DA NATUREZA DA PALAVRA

Comecei a desenvolver, através da auto – observação, um método próprio, que se completa a cada trabalho, sobre o uso da voz e da palavra. Essa análise faz parte de um estudo da interpretação, elaborado por mim e pela dramaturga Ana Vitória Vieira Monteiro chamado “O CAMINHO DAS PEDRAS”.

 

Sinto que também pode ser útil a outros atores e atrizes :

 

DA NATUREZA DA PALAVRA

 

O som é nossa relação imediata e primeira com mundo exterior. Desde o berro inicial, quando informamos ao mundo que chegamos, até o sopro final, nos comunicamos com o outro através da palavra ou da emissão de sons. Nossa vibração sonora preenche o vazio, estabelece relações, liga universos. É, ao mesmo tempo, fonte e fruto de nossa criação. Cada ser humano e cada nação emite um som próprio, resultado de sua herança genética, de sua cultura, de seu meio ambiente e de seu tempo.

 

O ator-atriz, agente e co-criador de seu tempo e de sua própria obra, porta-voz de autores, idéias, situações, conflitos, emoções e transformações, tem na palavra sua mais poderosa ferramenta, capaz de dirigir e integrar seu próprio corpo, sua ação e a ação da platéia. Quando evoca, profere, diz uma palavra, e dependendo da maneira como o faz, está pondo em movimento todo o seu corpo, desejos, vontades e contra-vontades; assim como o ambiente, a situação da cena; a platéia, a própria cidade, o país e a natureza onde está localizado.

 

Partindo do princípio de que a natureza de nossos corpos e de nosso meio ambiente é comum a todos, fiz uma relação da emissão vocal com os elementos, de forma a alcançar uma comunicação mais imediata com a platéia.

 

ÁGUA: Uma fala é identificada com a água quando expressa um sentimento e quando provoca uma comunhão das personagens a respeito de um determinado assunto. A água é matéria maleável, que preenche vazios, sinuosa, constante e receptiva, pois recebe e conduz a eletricidade e o ar. O som do sangue, do útero, do paladar.

 

FOGO: A fala fogo é quente, imperiosa, apaixonada, ardente. Sua chama evoca, adere, destrói e constrói. É o som do amor, da paixão, do sexo, do coração.

 

TERRA: É relacionada a algo concreto, determinante, afirmativo ( mesmo quando em forma de interrogação ). Seu som ancora em algo palpável, como um conhecimento anterior, um tato, ou simplesmente um ponto final. A voz dos pés e das mãos.

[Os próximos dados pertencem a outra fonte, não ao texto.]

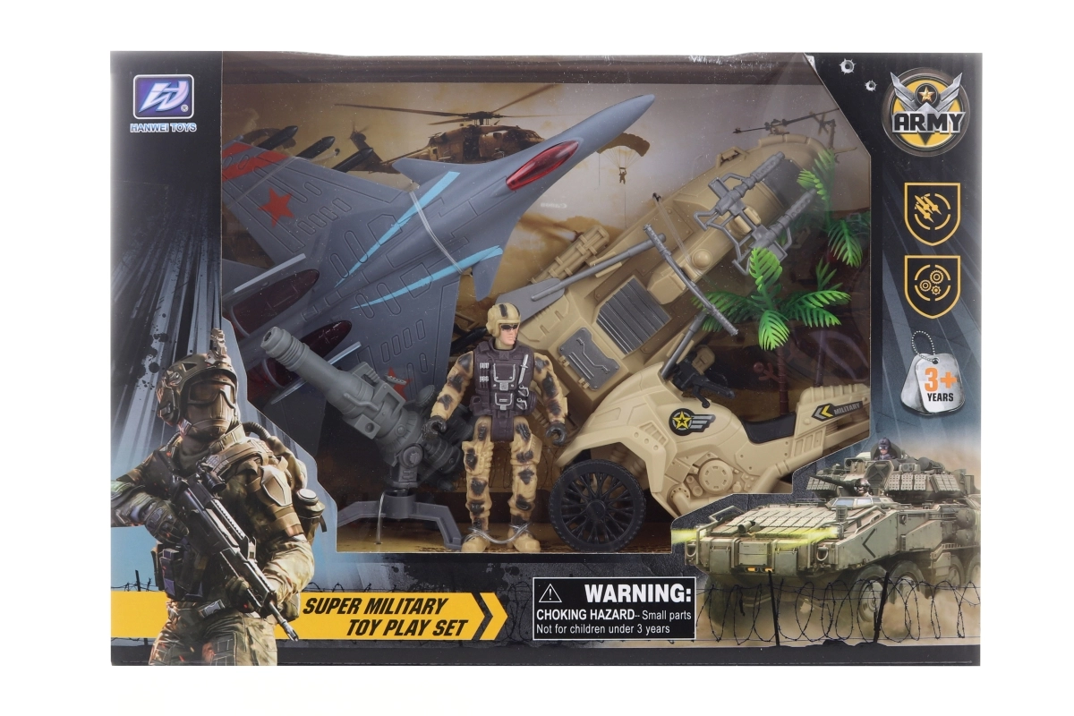 Sættet indeholder en soldaterfigur, jagerfly, motorcykel og vandscooter, suppleret med mindre tilbehør for endnu mere realistisk leg. Den kompakte emballage egner sig også perfekt som gave.
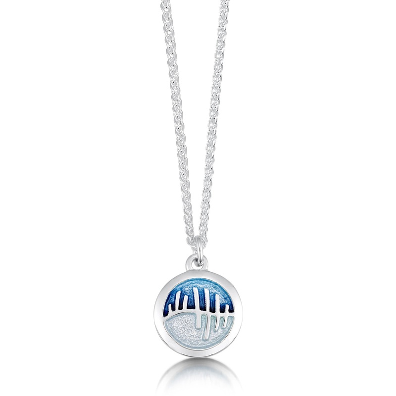 This petite Skyran pendant necklace in sterling silver features ancient Ogham script that says If. The small circular design elegantly drops from a silver chain and is hand-enamelled in our Orkney workshop.
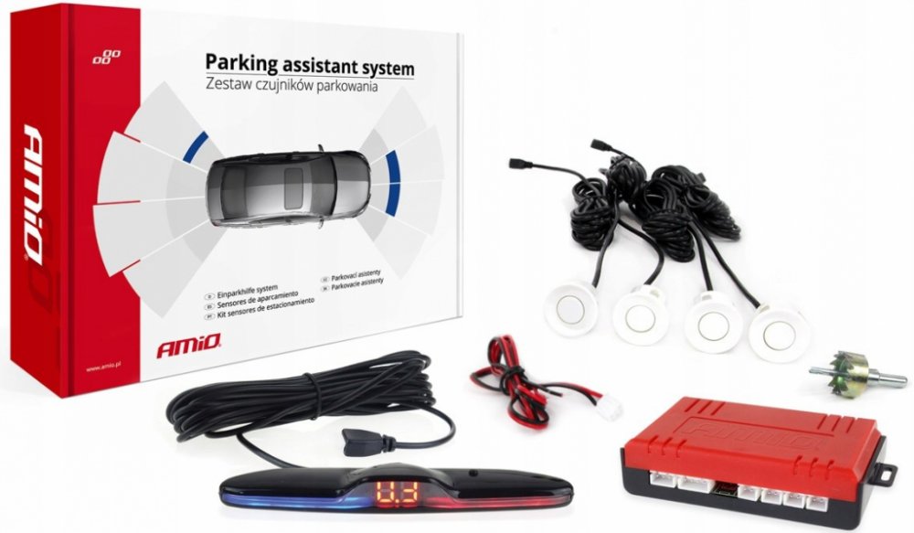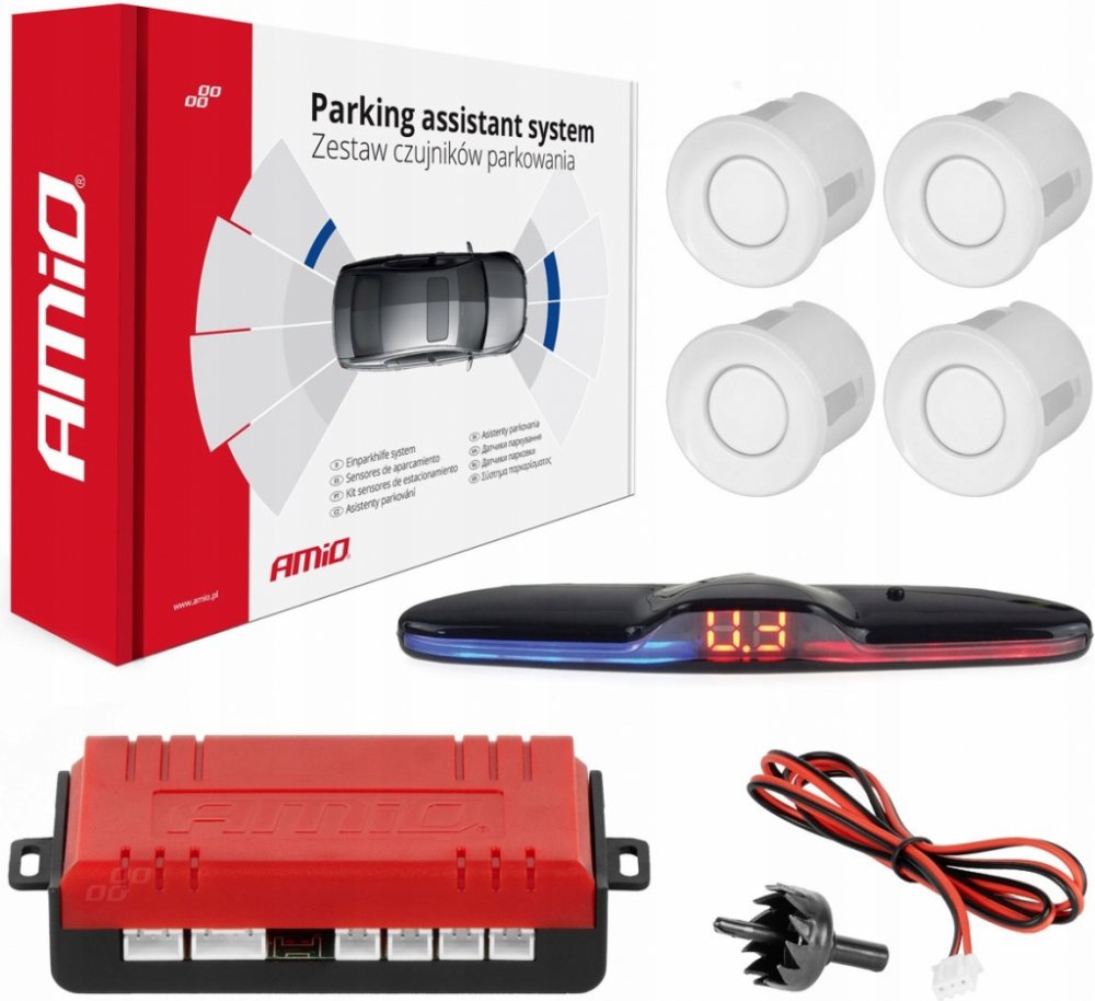Sada parkovacích senzorů MAX LED 4 senzory bílé AMIO-0✅Popis:
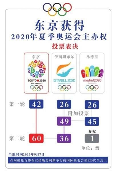 8日凌晨,国际奥委会第125次全体会议在阿根廷首都布宜诺斯艾利斯开幕,当罗格从监票执委那里拿到五环信封的时候,那简直就是一个钻石打造的信封,信封里面的东京几个字则是用金子做的。为2020年奥运会的申办,东京花费了500亿到600亿日元,约合6亿美元。而西班牙和伊斯坦布尔的申办经费加起来也不到4亿美元。
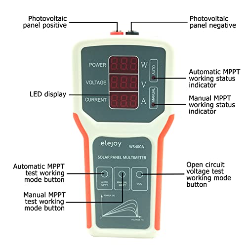 Multimetro Tester Digitale Tester MPPT Fotovoltaico Multimetro Voltmetro Amperometro Pannello Solare Tester MPPT Misuratore di Potenza Rilevatore di Tensione a Circuito Aperto(EL400B)
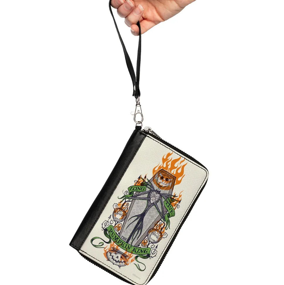 Women's PU Zip Around Wallet Rectangle – Nightmare Before Christmas LONG LIVE THE PUMPKIN KING Jack Corpse Pose Ivory Grays Orange Green
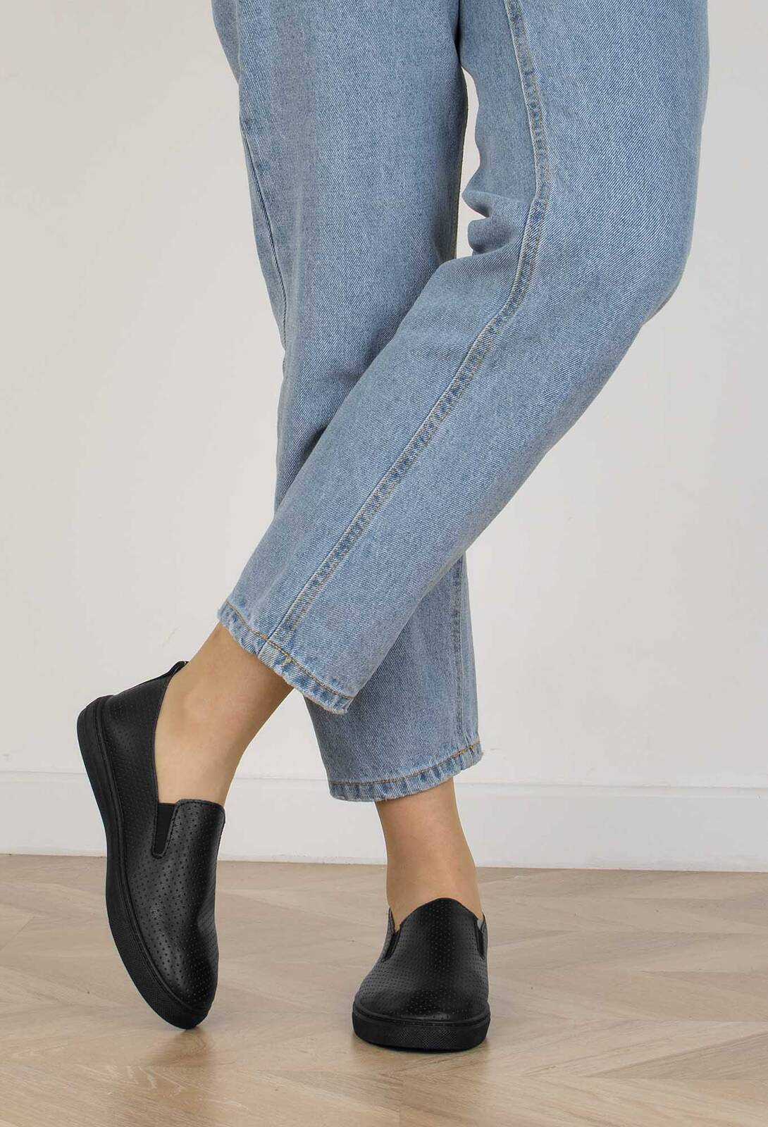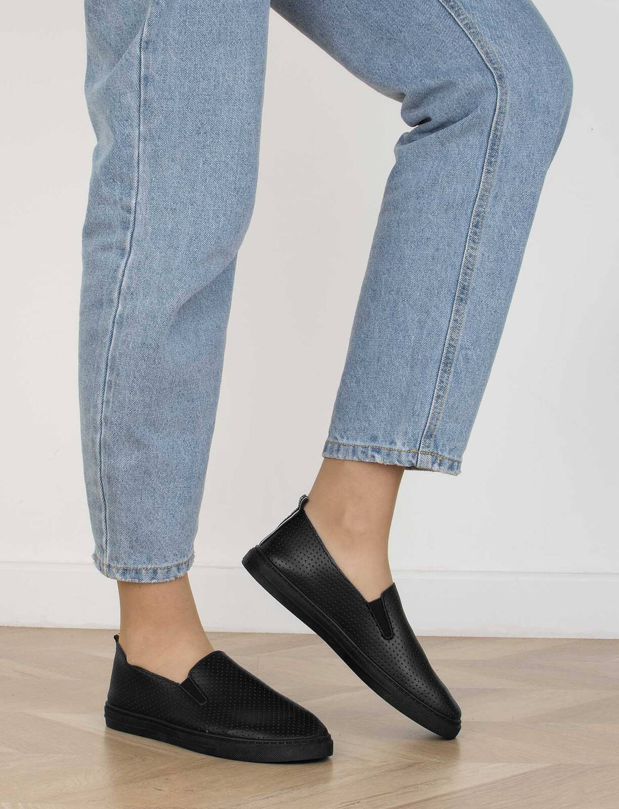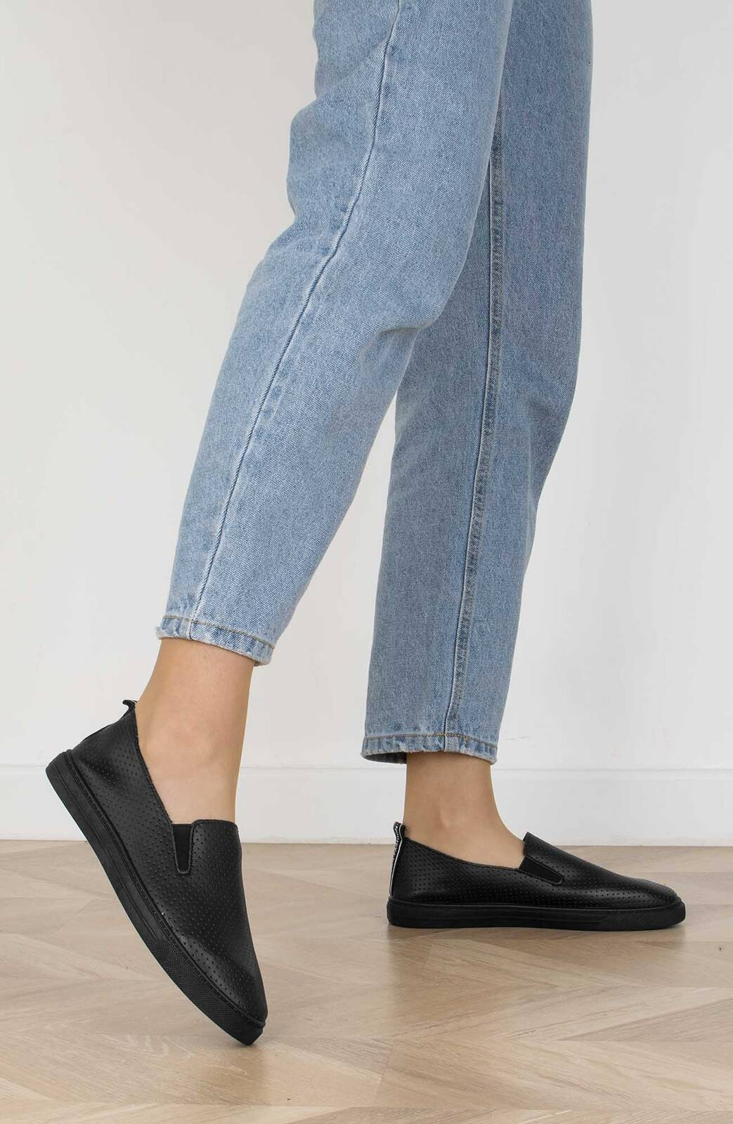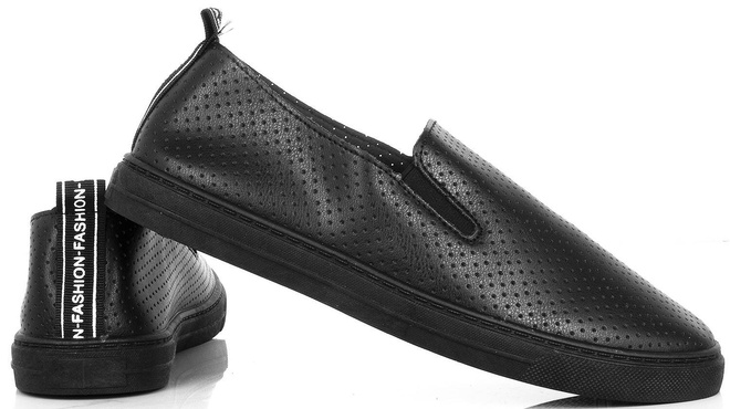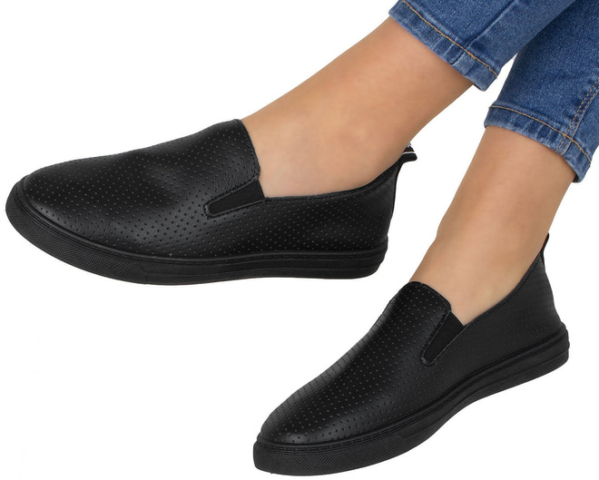CZARNE TRAMPKI TENISÓWKI AŻUROWE SLIP ON

MADEIRA: A fala madeira é concreta, mas diferente da terra, pois é mais maleável, contínua. Muito delicada e resistente, sua forma é apenas para que a seiva não se esvaia. É a fala da pele e da amizade.

 

AR: Paradoxalmente o mais suave e vital de todos os elementos, o ar já está presente em todos os espaços e em todos os sons. Mas quando uma fala é apropriada para o seu elemento; ela se torna duplamente ágil, precisa, cristalina. É o som do facho de luz, da inteligência, do raciocínio, dos ossos.

 

ÉTER: É relacionada ao nada, ao exalar, sussurrar. Inclui o vazio onde o som é lançado. Quando o ator é simplesmente o instrumento de um som anterior, inumano, imaterial. O som do grito, do gemido, do silêncio.

METAL: Seu som é límpido, cortante, reluzente, definido e frio; usado como ferramenta inesperada no meio do texto.